Buckets hold things; they are containers.

So for example, the set “A” might have 
inside of it: the numbers 1 and 2.

It may have inside of it the symbol
star.

But most importantly, a bucket can also 
contain other buckets.

So we can say that the set “B” is inside
of the set “A.”

If I want to refer to the items inside 
of “A,” I call them elements.

So for example, I say, Star is an
element of “A” or the bucket

“B” -- the set “B” -- is an 
element of “A.”

Again for our purposes, when we hear the 
word set, all we need to think about

is a container that can possibly have 
other containers. Okay? Good.

Now, we can define a game.

So we define a game,“G,” as it's set -- 
I use curly braces -- to denote the set.

With three elements, “P,” “A,” and “U.”

“P” stands for players. “A” for actions.
And “U” for utility.

Which we also, sometimes, refers to pay 
offs.

I will now discuss each of the term.

So players is very simple.

“P” is also a set that denotes the 
decision makers in a game.

So for example, if two players or two 
people are playing chess, it can be Jose

and Maria. They are playing chess.

However, decision makers don't have to be
human.

For example, robots make decisions.

You can think of an automatic 
self-driving car, making a decision.

So the game can be between robot 1,
robot 2 and robot 3.

More generically, I always or typically 
refer to players as just a set, where the

players are P1, player 1, player 2,
up into player n.

So a game that has “n”players 
is -- surprisingly enough -- just called

an n player game. Okay?

So players, “P” is a set that list the 
decision makers in a game.

Okay?

How about actions?

So “A” is a set with elements, we'll say, 
a1, a2, an.

Where each little a denotes what each
player can do.

So for example, we can think of a 2 player
game.

So players is P1 and P2.

And the action set, or just be, a1 and
a2.

Where a1 says that 
Player 1 -- his move-- can be either “Up”

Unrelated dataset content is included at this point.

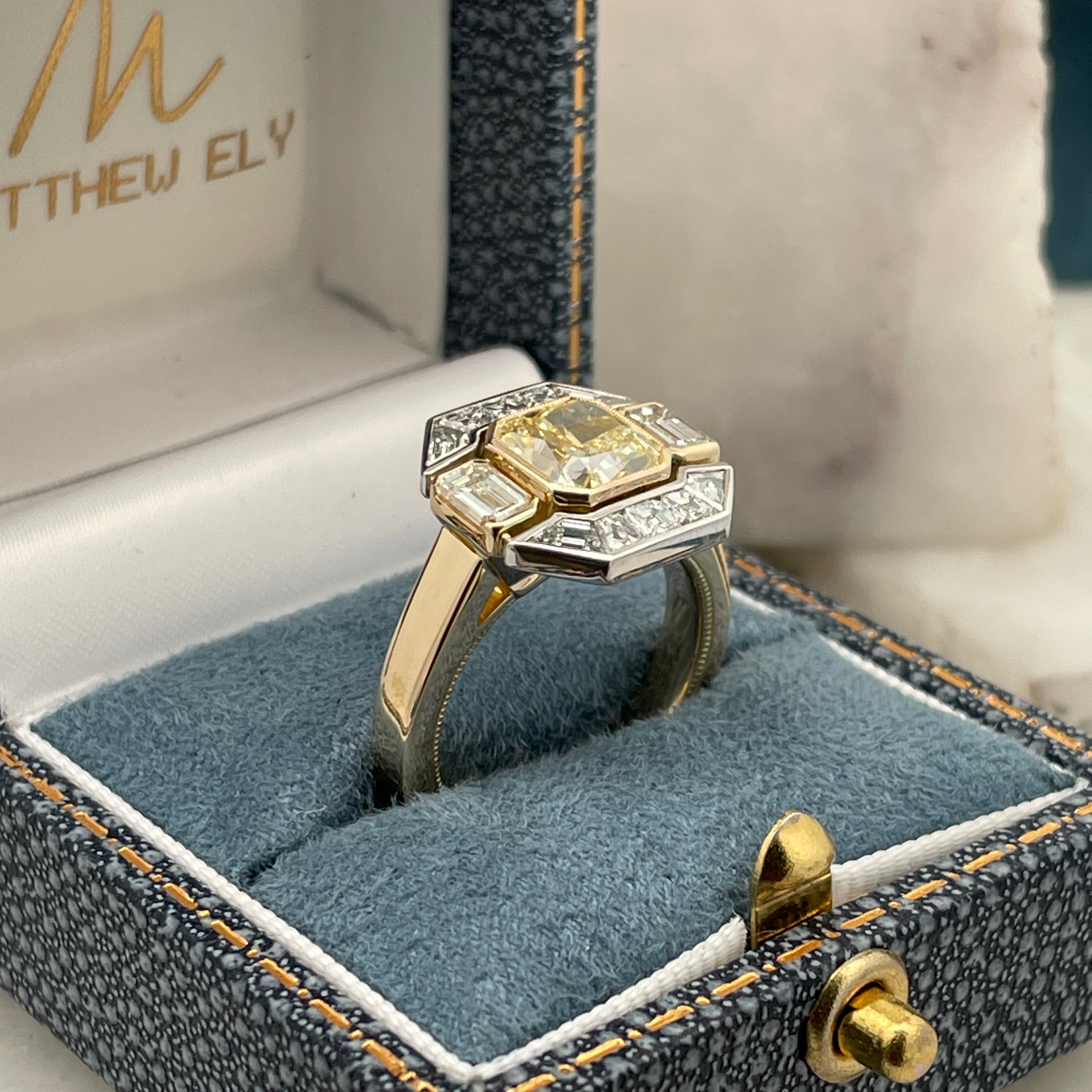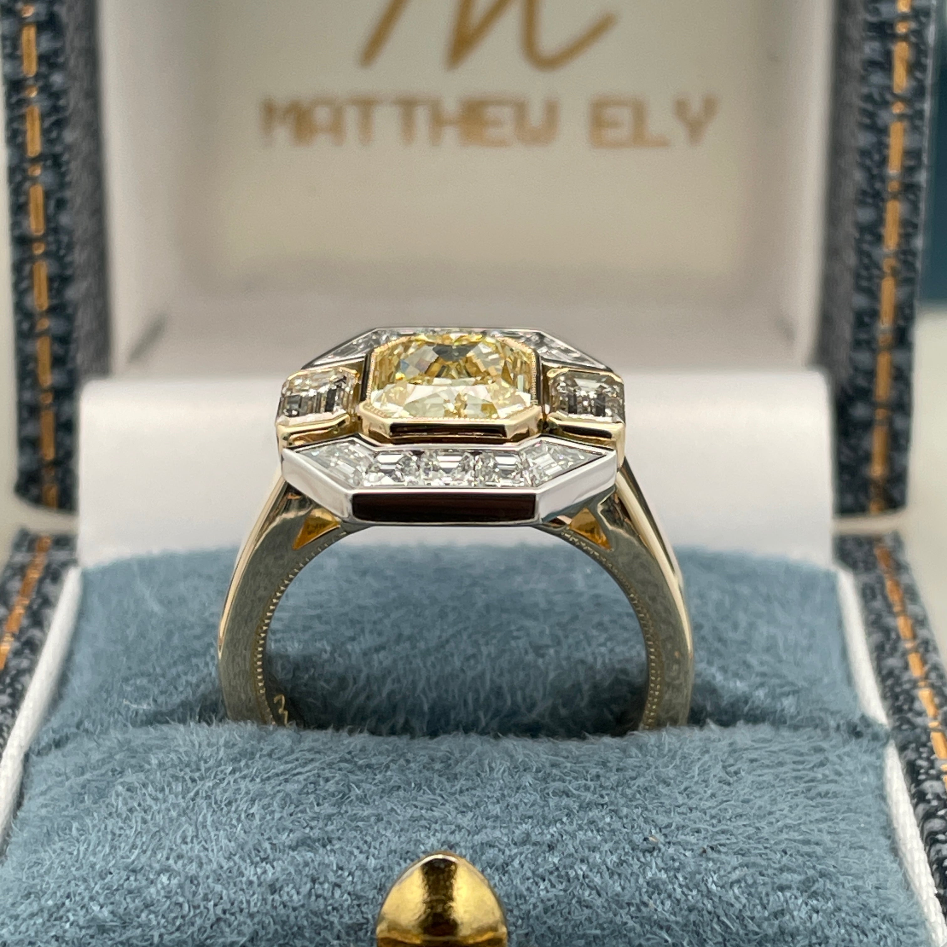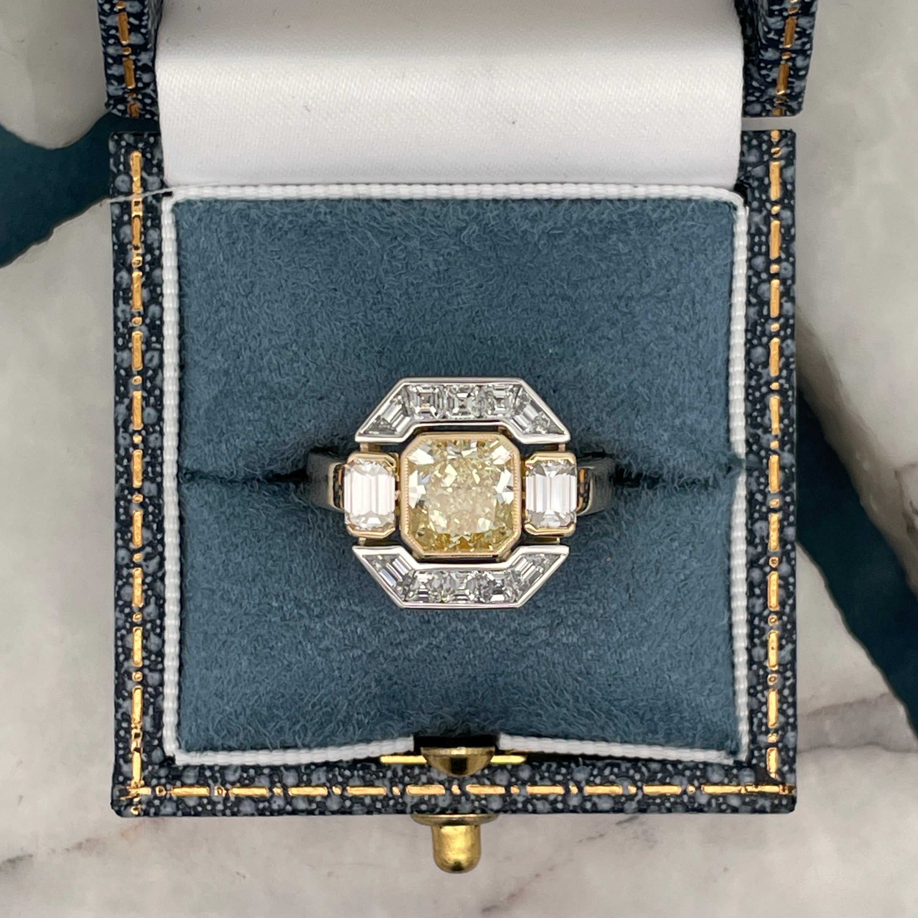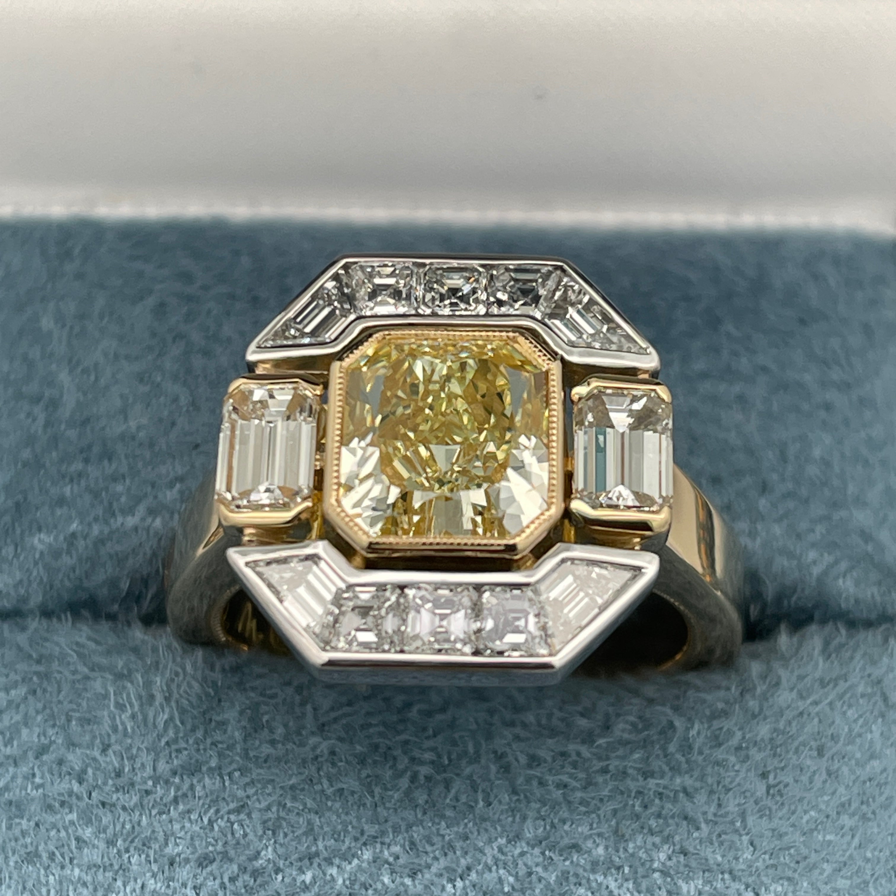 Meticulously handcrafted in 18ct yellow and white gold, this bespoke ring is a redesign of our client’s original yellow diamond ring, centred around a 2.16ct yellow diamond.
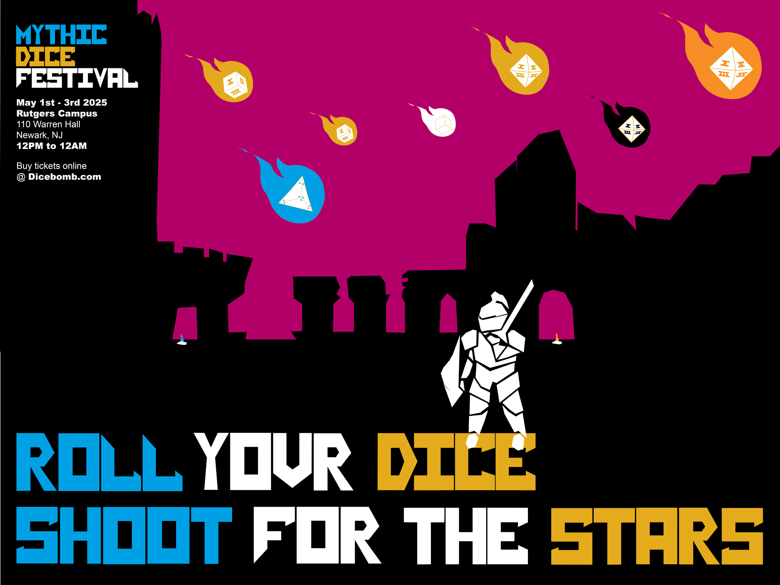 GIVEN OBJECTIVE: Develop a brand identity for Mythic Dice Festival, a New Jersey–based three day festival where people who are into traditional pen and paper role playing games can hang out and play together. Games, movies, raffles, celebrity Q&A’s and so much more! Bring your friends, cause you can never have enough fun! The goal was to create a system that captures the excitement, and creativity of adventure through custom typography, bold colors, and dynamic composition.

or “Down”. That's his action.

And player 2 can either go “Left” or 
“Right”.

So the set, “A” of actions tells us what
each player can do in the game.

Finally, Utility.

So “U” the Utility is also a set with 
elements.

U1, U2, Un where each element is actually
a function.

The function takes an 
input -- the Actions -- of all players

and outputs -- the reward -- for 
a player.

So for example, U1 is a 
function.

It may take, it says that if player 1 
plays “Up” and player 2 plays “Left,”

then -- I'm using this example 
here with “Up” and “Left” -- then player

1 earns a reward of two.

However, we can also say that if player 1
plays “Up” and player 2 plays “Right,”

then player 1 earns a reward of: -7.

Each “u” and the set “U” gives the 
Utility function for each player.

So then, we have it.

A game that is set, with Players, 
Actions, and Utilities.

It says, who is making a decision?

What decisions can they make?

And what reward do they get as a result
of the decision of all players?

In the next lesson, we'll learn how to 
represent a game in a simple matrix form,

known as the normal form game.